-- INFORMATION PROVIDED --

^^^^^^^^

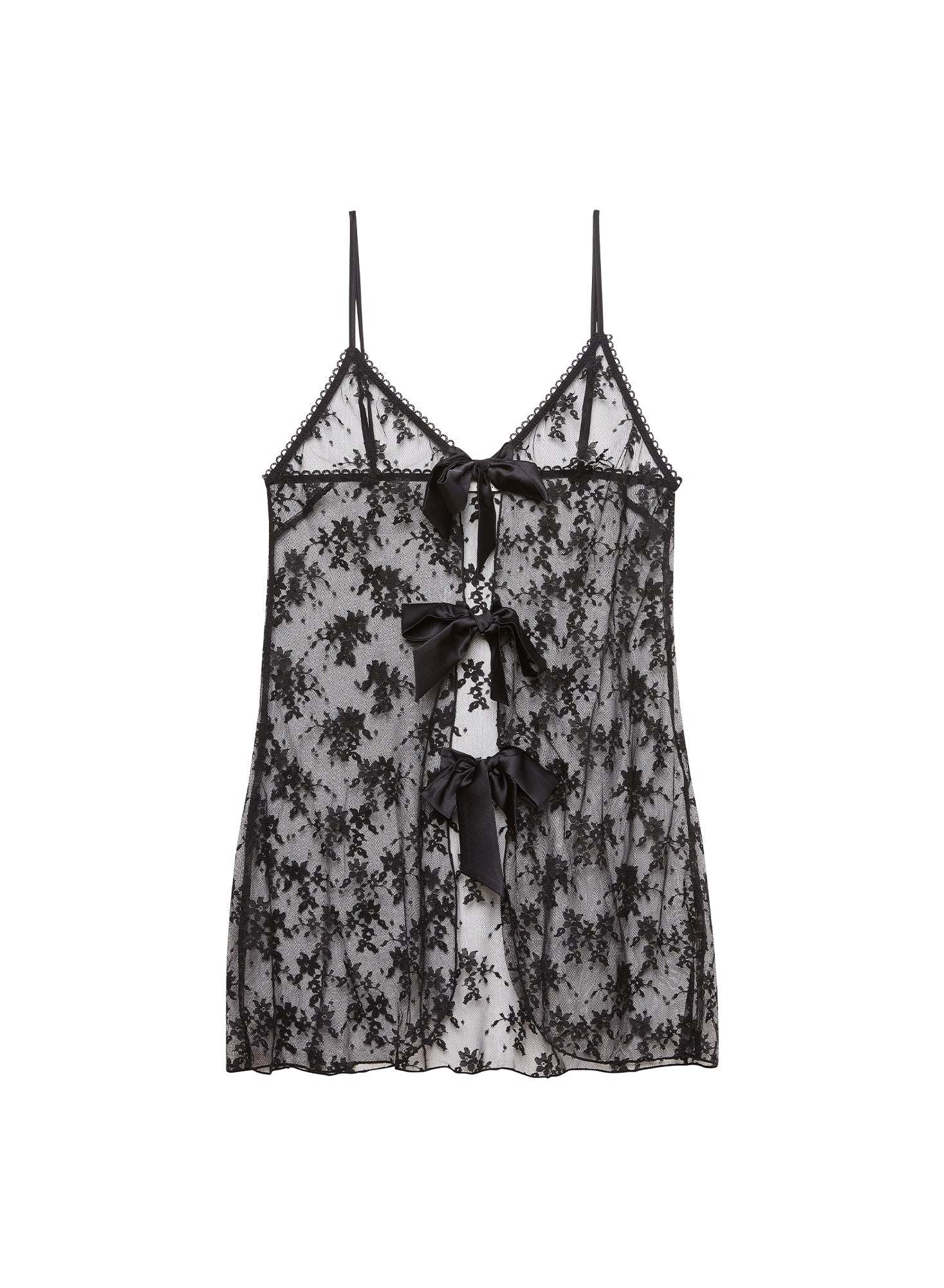 Romance me. Our Untie Me Nightie, cut from stunning stretch lace with flirty picot trim and lush silk tie front. Untie the bow and watch the garment fall off the body. Adjustable silk straps. Pair with the matching Untie Me Thong or Cheeky.
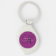 Benutzerdefinierter Schlüsselanhänger mit Ihrem Initial und Namen, mit beliebigem Farbhintergrund, Schriftart oder Schriftart. Wählen Sie einfach die Personalisierung, dann anpassen Option. Entworfen von HAMbyWhiteGlove, erfüllt von Zazzle. Auf einem reißförmigen silbernen Schlüsselanhänger mit Pflaumenhintergrund, schwarzer Initial- und Weißnamenstext dargestellt.
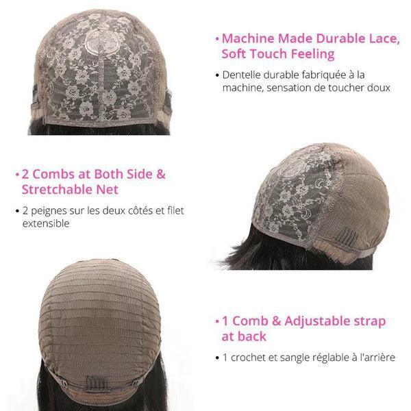 La taille du bonnet de la perruque est moyenne et convient à la plupart des gens. La circonstance est de 22,5 pouces avec des bretelles réglables. Vous pouvez l'ajuster pour l'adapter. Oui, nous pouvons personnaliser une grande casquette pour vous, cela prendra environ 7 jours pour produire.
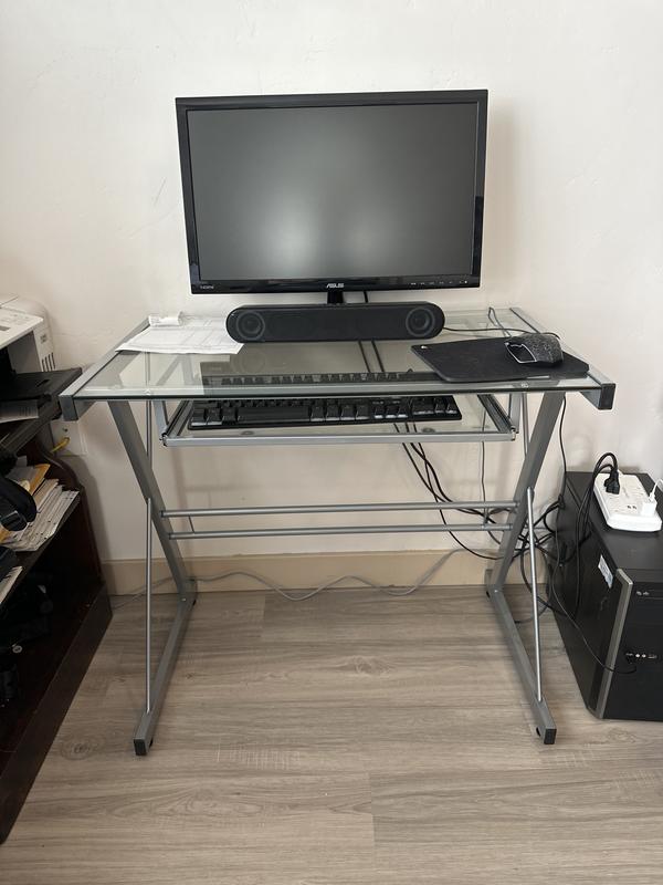 Product code: Saracina home l shaped glass and metal corner computer desk silver sales

^^^^^^^^

Write out exactly the lines from the line that contains "La taille du" to the last line of the material above, both included; pictures do not belong in the copy.

 La taille du bonnet de la perruque est moyenne et convient à la plupart des gens. La circonstance est de 22,5 pouces avec des bretelles réglables. Vous pouvez l'ajuster pour l'adapter. Oui, nous pouvons personnaliser une grande casquette pour vous, cela prendra environ 7 jours pour produire.
 Product code: Saracina home l shaped glass and metal corner computer desk silver sales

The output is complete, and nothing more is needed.